3 Lightly dust the work surface and roll out the chilled pastry until it’s 3-5mm thick. Cut rounds out using a circular pastry cutter – one big enough to make circles of pastry to line the base and sides of the holes ofa standard muffin/cupcake tin. Gently press the pastry into the tin holes, taking care not to stretch it. Chill the lined tin in the fridge for 30 minutes. Preheat the oven to 180C/350F/gas mark 4.
4 Once the pastry cases have chilled, trim off any excess and line each with a small square of baking parchment (it can help to scrunch the parchment then smooth it out again before doing this, to help it mould to the contours of the pastry). Fill each parchment-lined tart with baking weights – whether the ceramic sort, or just makeshift ones such as dried chickpeas, rice or barley – and bake in the preheated oven for 20 minutes. Remove the weighted parchment parcels and return to the oven to cook for a further 5 minutes uncovered, then leave to cool.
5 Heat the milk for the custard until scalding. While the milk warms, whisk the egg yolks, sugar, cornflour and vanilla extract together in a mixing bowl. Slowly pour the scalding milk into this yolk mixture, whisking constantly as you go. Decant the mixture back into the pan and set over a low heat. Stir the custard over the heat for 5 minutes or so, until it’s very thick and gloopy. Cover the surface with clingfilm to stop a skin forming, then leave to cool to room temperature. Beat the cooled custard to smooth it before adding the cream and whisking for a minute. The custard should hold soft peaks.

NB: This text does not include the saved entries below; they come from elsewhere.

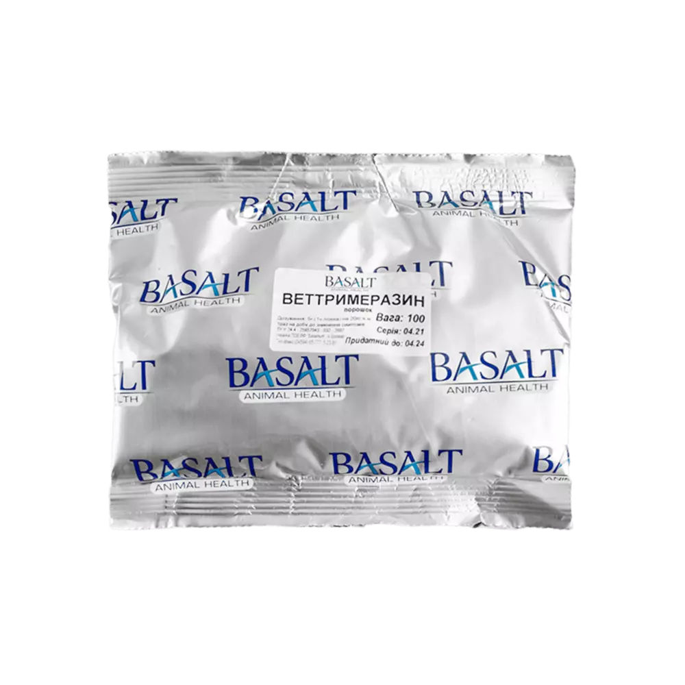 100 г порошку містить діючі речовини: сульфадимезин —10 г, триметоприм — 2 г, наповнювач до 100 г.
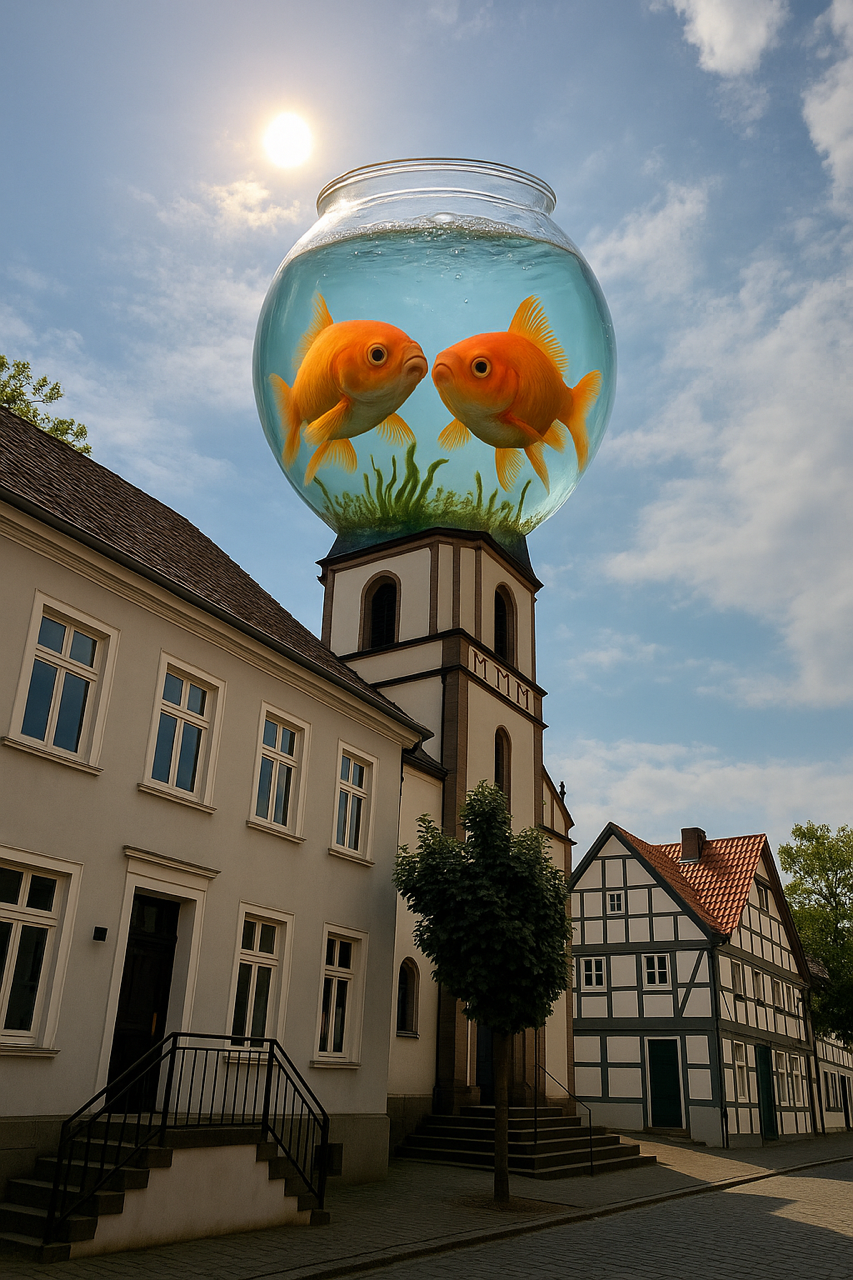 Lemgos Innenstadt soll und muss attraktiver werden, darüber sind sich alle einig. Nach zahlreichen Treffen und Versammlungen mit den Vorschlägen ‚Fischbratküche‘, ‚Irgendwas für Jugendliche‘, einem Softeisladen und 14 neuen Förderprogrammen mit externen Beratern nun die endgültig durchschlagende Idee: ein überdimensionales Goldfischglas auf der ehemaligen Bonifatiuskirche im Rampendal. Name: ‚Boniquarium‘ (Kofferwort aus Bonifazius und Aquarium)
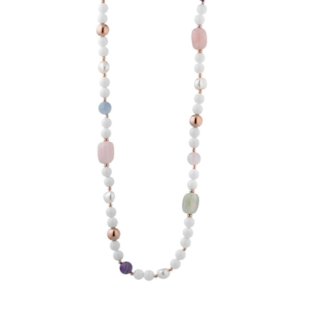 Eleganza senza tempo incontra energia naturale in questa splendida collana artigianale, un vero e proprio talismano di bellezza e armonia. Realizzata a mano con cura artigianale, la collana unisce perle dalla lucentezza morbida e setosa a pietre naturali scelte per le loro proprietà cromatiche e simboliche: l’ametista, con il suo viola profondo, simbolo di intuizione e serenità; l’agata rosa, portatrice di dolcezza e amore; e l’acquamarina milk, con la sua tonalità cristallina e avvolgente, evocatrice di pace e chiarezza interiore.
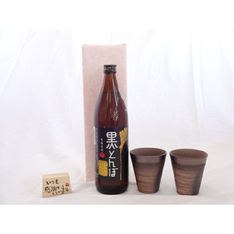 贈り物ギフトセット 榮田 清峰作直筆メッセージ木片付ペアカップセット(陶芸作家安藤嘉規作 日本製萬古焼き) 本格芋焼酎 黒とんぼ 25度 900ml 深野酒造(熊本県)
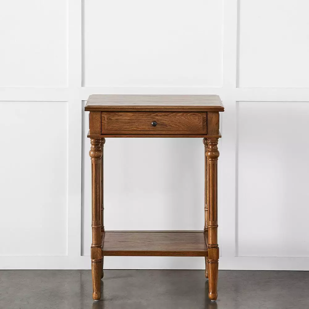 The Keswick bedside can only be described as elegant. All the elements – the carved legs, detailing on the sides, a handy drawer, a shelf for reading material and the unique wood grain of the oak timber combine to make this a standout piece of furniture.
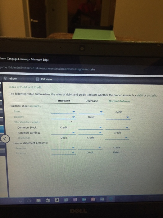 Rules of debit and credit the following table summarizes the rules of debit and credit. For each item, indicate whether it is an asset, liability, revenue or expense by putting a check ( ) mark on the proper column and indicate whether the normal balance is a debit or a credit. Asset debit credit debit liabilities credit debit credit owner's equity:
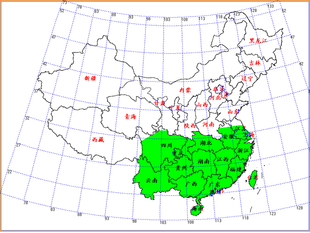 图 1-2 台湾乳白蚁在我国的分布(绿色部分)台湾乳白蚁兵蚁
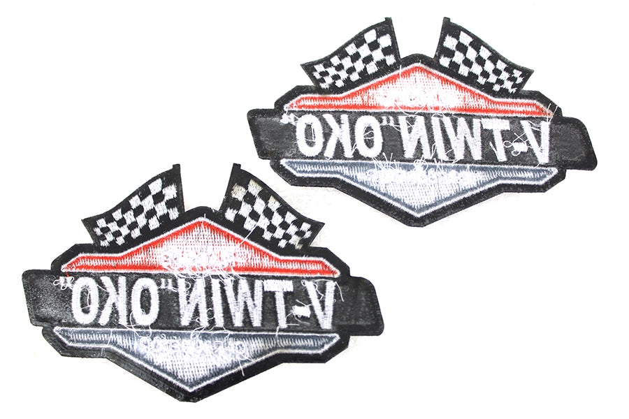 V-twin carburetor patches can easily be ironed or sewn on. Sold as a pair.
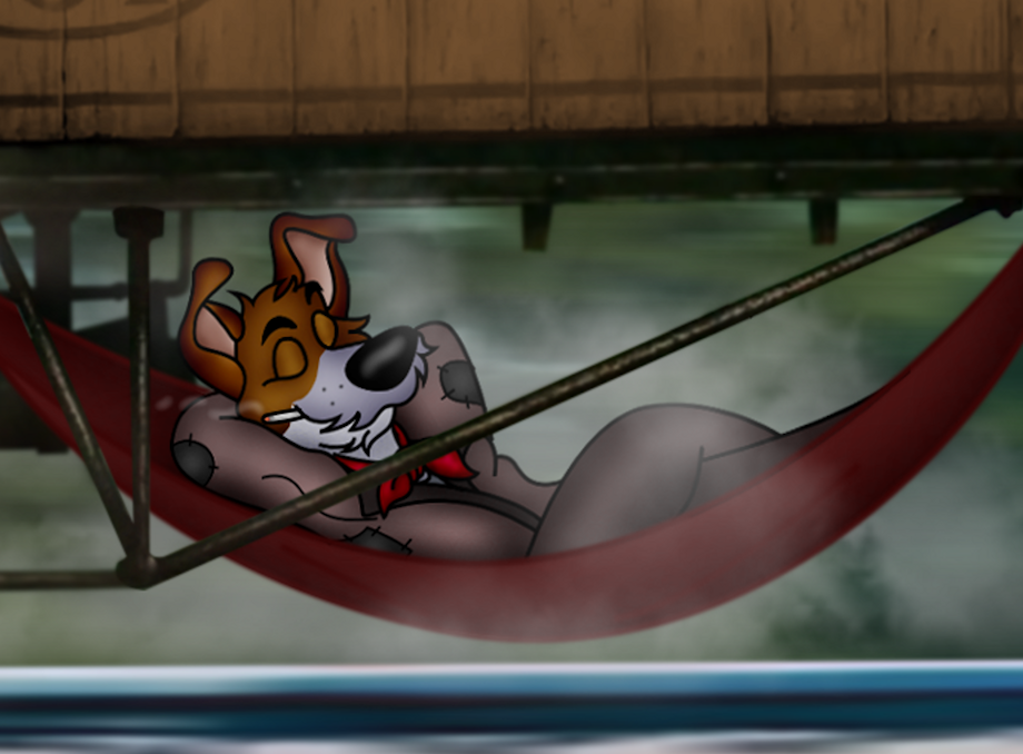 The rails thundered below in a blur of motion. The hard iron moving like a raging torrent that threatened to suck anything that it touched underneath the freight train. Yet for all it's motion, all the smoke, dust, and clatter of wheels, none of it seemed to bother the Jack Russel terrier that had hung his hammock up between the truss-rods of the boxcar. Dodger closed his eyes, and drew in his cigarette. Swaying in time to the train's motion.
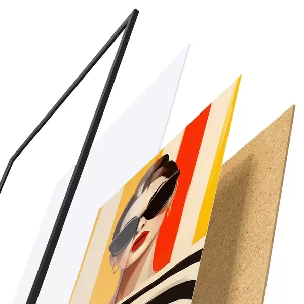 Plakat koosneb raamist, pleksiklaasist, trükitud pildist ja puitlaastplaadist alusplaadist. Tänu tagaküljel olevatele kinnitustele saab plakati kohe seinale riputada.

6 Hull and halve the strawberries. Fill each tart case with a generous dollop of the custard, then top with the strawberry pieces – I find four half-strawberries per tart is about the right amount, clustered together into a dome shape. Warm the strawberry jam, strain it and brush a little over each of the tarts to glaze. Chop the remaining toasted pine nuts and sprinkle them over the tarts. Serve straight away.